Por último, embora o Tribunal tenha também dever de pronúncia sobre questões de conhecimento oficioso não suscitadas pelas partes (cfr.artº.608, nº.2, do C.P.Civil), a omissão de tal dever não constituirá nulidade, mas sim um erro de julgamento. Com efeito, nestes casos, a omissão de pronúncia sobre questões de conhecimento oficioso deve significar que o Tribunal entendeu, implicitamente, que a solução das mesmas não é relevante para a apreciação da causa. Se esta posição for errada, haverá um erro de julgamento. Se o não for, não haverá erro de julgamento, nem se justificaria, naturalmente, que fosse declarada a existência de uma nulidade para o Tribunal ser obrigado a tomar posição explícita sobre uma questão irrelevante para a decisão. Aliás, nem seria razoável que se impusesse ao Tribunal a tarefa inútil de apreciar explicitamente cada uma das questões legalmente qualificadas como de conhecimento oficioso sobre as quais não se suscita controvérsia no caso concreto, o que ressalta, desde logo, da dimensão da lista de excepções dilatórias de conhecimento oficioso (cfr.artºs.577 e 578, do C.P.Civil), e da apreciável quantidade de vícios geradores de nulidade contida no artº. 133, nº.2, do C.P.Administrativo (cfr.ac.S.T.A-2ª.Secção, 28/5/2003, rec.1757/02; ac. T.C.A.Sul-2.ªSecção, 25/8/2008, proc.2569/08; ac.T.C.A.Sul-2ª.Secção, 18/9/2012, proc.3171/09; ac.T.C.A.Sul-2ª.Secção, 14/11/2013, proc.6971/13; Jorge Lopes de Sousa, C.P.P.Tributário anotado e comentado, II volume, Áreas Editora, 6ª. edição, 2011, pág.365).

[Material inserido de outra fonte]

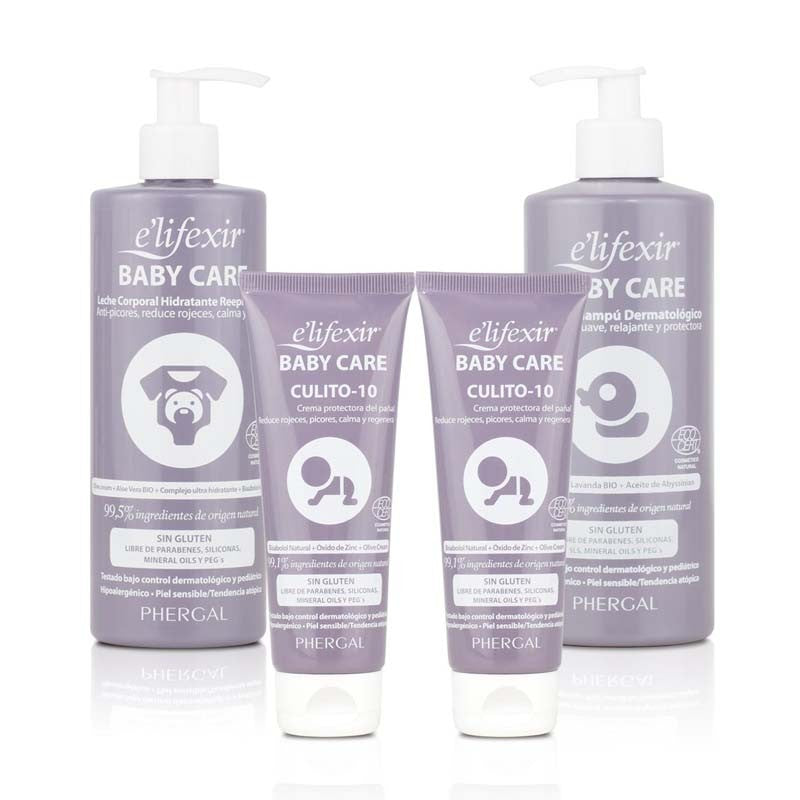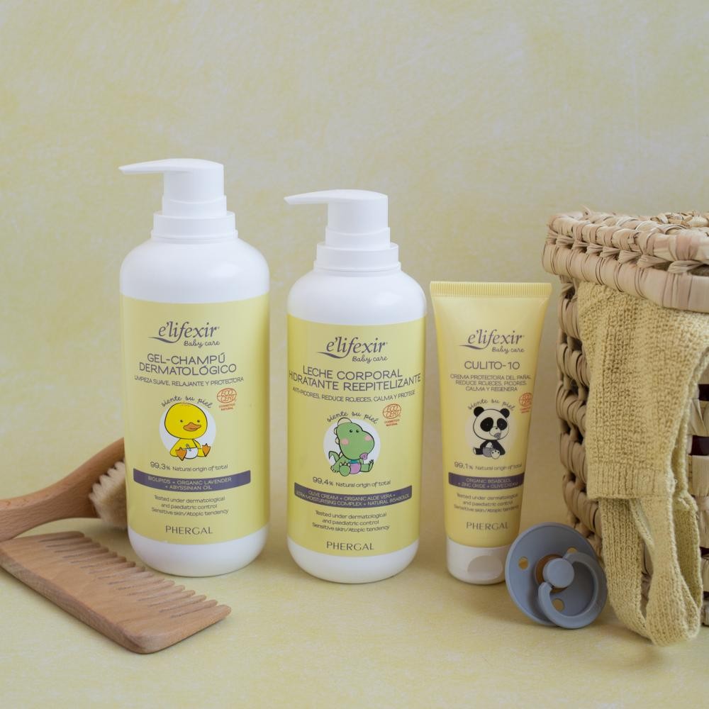 ELIFEXIR Baby Care Canastilla Gel champú + Leche corporal+ Crema Zona del Pañal

Revertendo ao caso dos autos, o que o recorrente pretende é que o Tribunal “a quo” não conheceu da inconstitucionalidade orgânica invocada nos artºs.23 e 99 da p.i.
Tal não é verdade.
Como muito bem se refere no despacho de sustentação exarado pelo Tribunal "a quo" a fls.164 e 165 dos autos, a causa de pedir (questão) que o recorrente invoca, a este título, no articulado inicial consubstancia-se na alegada violação do princípio da legalidade tributária e da alegada falta de competência para a criação da taxa em causa nos presentes autos (cfr.artºs.20 a 80 da p.i.).
Ora, como se constata do exame da decisão do Tribunal "a quo", é tal questão examinada durante três páginas (cfr.fls.84 a 86 do processo).
Em suma, não se vê que a sentença recorrida tenha omitido pronúncia sobre qualquer questão suscitada, não ocorrendo, portanto, a respectiva nulidade e, nestes termos, devendo improceder este fundamento do recurso.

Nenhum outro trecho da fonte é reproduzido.